Proinflammatory phenotype of cardiac visceral fat in heart failure with preserved ejection fraction in the elderly
Abstract
Nearly half of all patients with heart failure (HF) symptoms have HF with preserved ejection fraction (HFpEF)
and the prevalence of this pathologic condition is rising being aging one of the most important risk factors.
HFpEF is a very challenging syndrome vulnerable and frail affecting, in the most of cases, patients, with high
health care costs due to high number of hospitalizations and medical cares.
More and more evidence are accumulating on the role of inflammation in the pathogenesis of HFpEF. The
presence of multiple comorbidities in HFpEF may significantly contribute to a systemic pro-inflammatory state
which negatively affects the myocardium.
Obesity promotes systemic inflammation and exacerbates the inflammatory burden imposed by many
chronic extracardiac comorbidities. Importantly, the chronic systemic inflammation related to obesity
is associated to a significant increase of the amount of epicardial adipose tissue (EAT), the cardiac visceral
fat. The increase of EAT volume is associated to a pro-inflammatory state of this fat depot. Several observations
support the hypothesis that the inflammation of EAT can act in a paracrine and vasocrine manner
to influence the structure and function of the heart, thus contributing to the pathohenesis of HFpEF.
Given the recognized role of EAT in the pathophysiology of HFpEF, it should be desirable to identify specific
therapies targeting the cardiac visceral fat and able to modulate its pro-inflammatory profile and the negative
effect of the inflammatory burden on the neighboring myocardium.
INTRODUCTION
In the elders, heart failure (HF) shows clinical features that are substantially different to those observed in the adult population.

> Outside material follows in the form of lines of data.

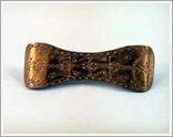 knot pin Origin: Tótkomlós Technique: Made from brass-sheet, finger-biscuit shaped, bended ends, decorated with dotted and knocked motif of a tulip. Size: L: 11 cm W: 3.5 cm |
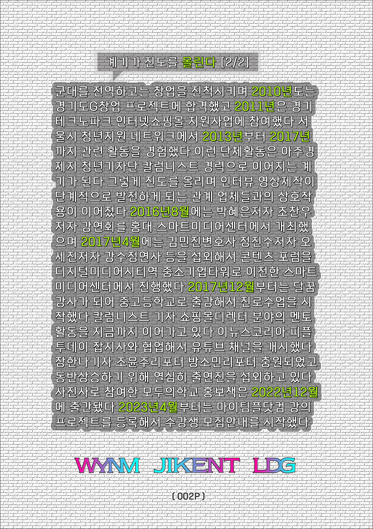 군대를 전역하고는 창업을 진척시키며 2010년도는경기도G창업 프로젝트에 합격했고 2011년은 경기테크노파크 인터넷쇼핑몰 지원사업에 참여했다 서울시 청년지원 네트워크에서 2013년부터 2017년까지 관련 활동을 경험했다 이런 단체활동은 아주경제지 청년기자단 칼럼니스트 경력으로 이어지는 계기가 된다 그렇게 진도를 올리며 인터뷰 영상제작이단계적으로 발전하게 되는 관계 업체들과의 상호작용이 이어졌다 2016년8월에는 박혜은저자 조찬우저자 강연회를 홍대 스마트미디어센터에서 개최했으며 2017년4월에는 김민진변호사 정진수저자 오세진저자 강수정연사 등을 섭외해서 콘텐츠 포럼을디지털미디어시티역 중소기업타워로 이전한 스마트미디어센터에서 진행했다 2017년12월부터는 달꿈강사가 되어 중고등학교로 출강해서 진로수업을 시작했다 칼럼니스트 기자 쇼핑몰디렉터 분야의 멘토활동을 지금까지 이어가고 있다 이뉴스코리아 피플투데이 잡지사와 협업해서 유튜브 채널을 개시했다장한나기자 조윤주리포터 방소민리포터 충원되었고동반상승하기 위해 열심히 출연진을 섭외하고 있다사진사로 참여한 모두의학교 홍보책은 2022년12월에 출간됐다 2023년4월부터는 마이팀플닷컴 강의프로젝트를 등록해서 수강생 모집안내를 시작했다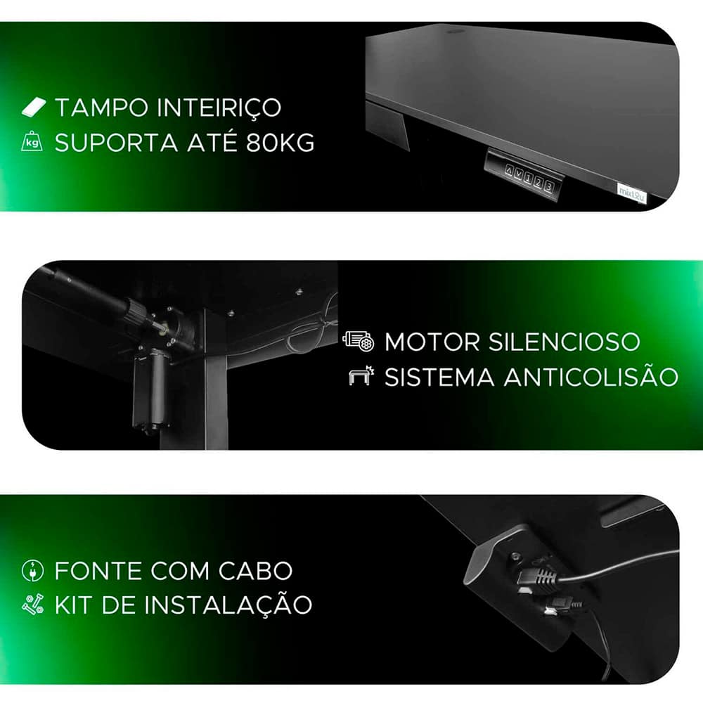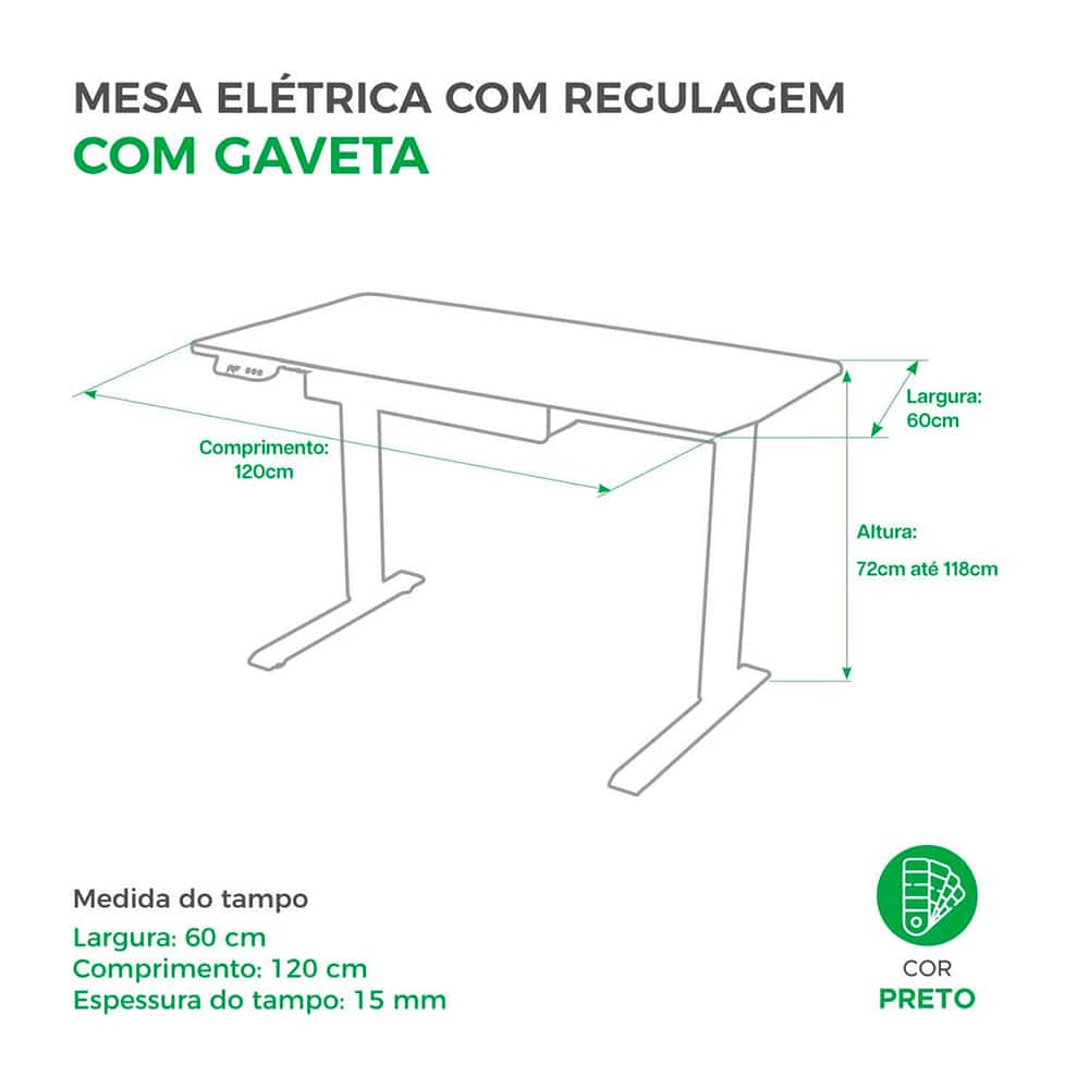 Mesa Ergonômica com Regulagem de Altura Motorizada Elétrica com Gaveta para Escritório e Home Office, Preta - Mixtou - CX 1 UN

In fact, in patients over 75 years, this syndrome predominantly affects women with isolated systolic hypertension, normal left ventricular ejection fraction, and several extracardiac comorbidities. In this regard, since 2000, Rich et al. identified the main characteristics of HF in the elderly population and paved the way for the nosographic identification of a new cardiovascular syndrome, to date known as heart failure with preserved ejection fraction (HFpEF) 1. Nearly half of all patients with HF symptoms have HFpEF and the prevalence of this pathologic condition is rising being aging one of the most important risk factors. The clinical outcomes of HFpEF are similar to those with HFrEF. In fact, 30-day to 1-year mortality post hospital discharge is similar between HFpEF and HFrEF and patients with either HF syndrome show similar functional limitations and poor quality of life 2-10. On the other hand, morbidity and cause of death are quite different between the two syndromes, being HFpEF predominantly associated with extracardiac comorbidities and deaths of non cardiac causes. The peculiarities of HFpEF imply many challenges for the researchers and the clinicians for several reasons: the population affected by HFpEF is very heterogeneous and its inclusion in clinical trials is particularly difficult, especially for the oldest-old; mechanistic hypothesis are still lacking due to limited access to biopsies from human heart tissues and the difficulties in obtaining adequate experimental models; the pathophysiological mechanisms accounting for this syndrome are often multifactorial, thus explaining why there is no evidence based therapy, to date, showing efficacy on the hard outcomes, such as morbidity and mortality 11-15.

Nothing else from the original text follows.